Pair density across the structural × sequence similarity landscape (log₁₀ scale)

Do structure and sequence alignments cover the same regions?
Among the 1.5M pairs with a BLASTP hit, StructomeDB retains both the Foldseek and BLASTP alignment windows — enabling direct comparison of which protein regions each tool detected. At ±10 residue tolerance, 71.6% are discordant — structure and sequence are highlighting different parts of the protein. This novel signal is highest in divergent candidates (94.4%).
Alignment discordance rate by quadrant (±10 residue tolerance)
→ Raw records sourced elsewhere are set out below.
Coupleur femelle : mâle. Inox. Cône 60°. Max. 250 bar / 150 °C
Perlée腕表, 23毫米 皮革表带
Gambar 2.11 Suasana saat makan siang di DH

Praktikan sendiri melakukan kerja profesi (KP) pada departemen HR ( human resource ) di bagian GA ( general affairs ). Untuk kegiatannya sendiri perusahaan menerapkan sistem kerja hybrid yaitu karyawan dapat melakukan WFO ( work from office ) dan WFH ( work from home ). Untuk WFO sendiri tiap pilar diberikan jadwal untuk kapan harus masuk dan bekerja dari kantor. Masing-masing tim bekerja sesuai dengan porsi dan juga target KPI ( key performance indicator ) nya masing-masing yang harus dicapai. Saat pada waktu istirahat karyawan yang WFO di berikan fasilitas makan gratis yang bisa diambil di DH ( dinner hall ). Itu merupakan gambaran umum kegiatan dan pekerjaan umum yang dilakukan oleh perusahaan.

Overall discordance at different tolerances
BLASTP similarity distribution (detectable pairs only)

How many pairs cross kingdom boundaries?
38.1% of unrelated pairs and 38.3% of convergent candidates span different domains of life — potential windows into convergent evolution. In homologs, cross-kingdom pairs are enriched for Bacteria × Eukaryota comparisons.
Same-domain vs cross-kingdom pairs per quadrant

How large are the representative chains?
Representative chains range from 76 to 4,629 residues, with a mean of 299.9 and median of 245 residues. 73% are fully gapless structures.
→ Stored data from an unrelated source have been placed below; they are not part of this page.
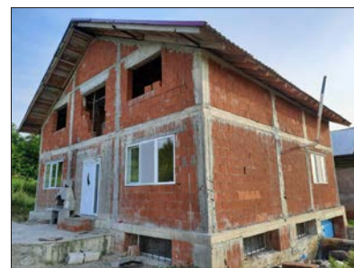
Mycket återstår innan huset är färdigt. Huset har nu isolerats utifrån.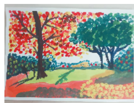
小记者:普沛琪 证号:210123 周口经济开发区 开元路小学四年级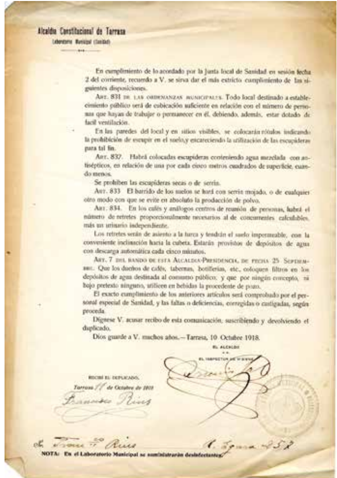
Recordatori dels preceptes higiènics de les ordenances municipals. AHT-ACVOC. Capsa 2885. 5 Sanitat, 5-7 Laboratori Municipal Parc de Desinfecció.

76 min chain length (residues)
245 median chain length
4,629 max chain length (residues)
Gapless vs gapped representative chains

What sets StructomeDB apart?
Every existing tool requires you to submit a query and search — StructomeDB is the precomputed matrix. All 104.5M structurally detected pairs are already calculated, annotated, and ready to retrieve. No other resource allows you to simultaneously interrogate both structural and sequence similarity across the entire experimental PDB, set your own thresholds, and export reproducible labelled datasets for downstream analysis or machine learning — without running a single search.
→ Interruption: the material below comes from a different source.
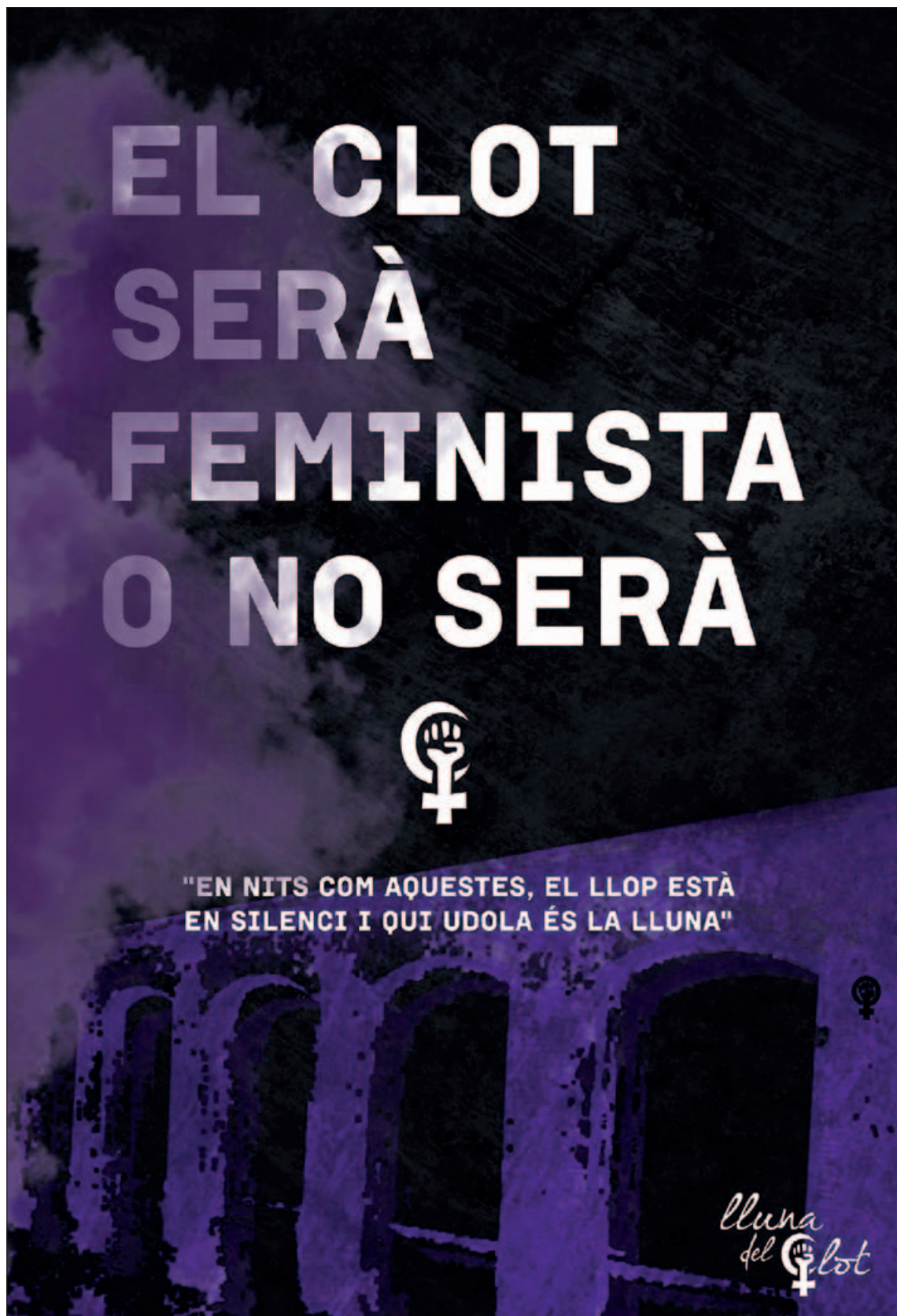
Cartell barraques de Clot-Camp de l'Arpa

How StructomeDB compares to related resources
Structural search tools
Tool What it does What it doesn't do
RCSB PDB Sequence clustering at preset identity thresholds (30–100%) and on-demand pairwise sequence and structure comparison via the Comparison Tool Clustering is not a pairwise similarity matrix; on-demand comparisons are query-based; no precomputed structome-wide two-axis landscape; not designed for population-level retrieval or ML dataset export
DALI On-demand structural alignment of a query against the PDB Not precomputed; no sequence axis; no exportable feature vectors
PDBeFold Secondary-structure-based structural search against the PDB Not precomputed; no sequence axis; no pairwise matrix
Foldseek Ultra-fast structural search using 3Di alphabet encoding Query-based only; no precomputed all-vs-all matrix; no integrated sequence axis
Structome-Q / Structome-TM Structome-scale structural search and TM-score ranking tools Search tools, not a precomputed pairwise database; no integrated sequence similarity axis
Structural organisation resources
Resource What it does What it doesn't do
SCOP Manually curated hierarchical classification of protein structural domains Classification resource, not a pairwise comparison database; no sequence similarity axis
CATH Automated and curated classification of protein domain structures Classification resource, not a pairwise comparison database; no sequence similarity axis
ECOD Evolutionary classification of protein domains using both structure and sequence Classification resource, not a pairwise comparison database; no user-defined thresholds
Prediction resources
Resource What it does What it doesn't do
AlphaFold DB Repository of predicted protein structures for UniProt sequences Structure repository only; no pairwise comparisons; StructomeDB covers experimental structures exclusively
ESMAtlas Large-scale repository of predicted metagenomic protein structures Structure repository only; predicted structures; no pairwise comparison matrix
StructomeDB is the only resource providing a precomputed, threshold-adjustable, two-axis similarity landscape across both structure and sequence for the full experimental PDB — with exportable feature vectors ready for machine learning, evolutionary analysis, or structural bioinformatics pipelines.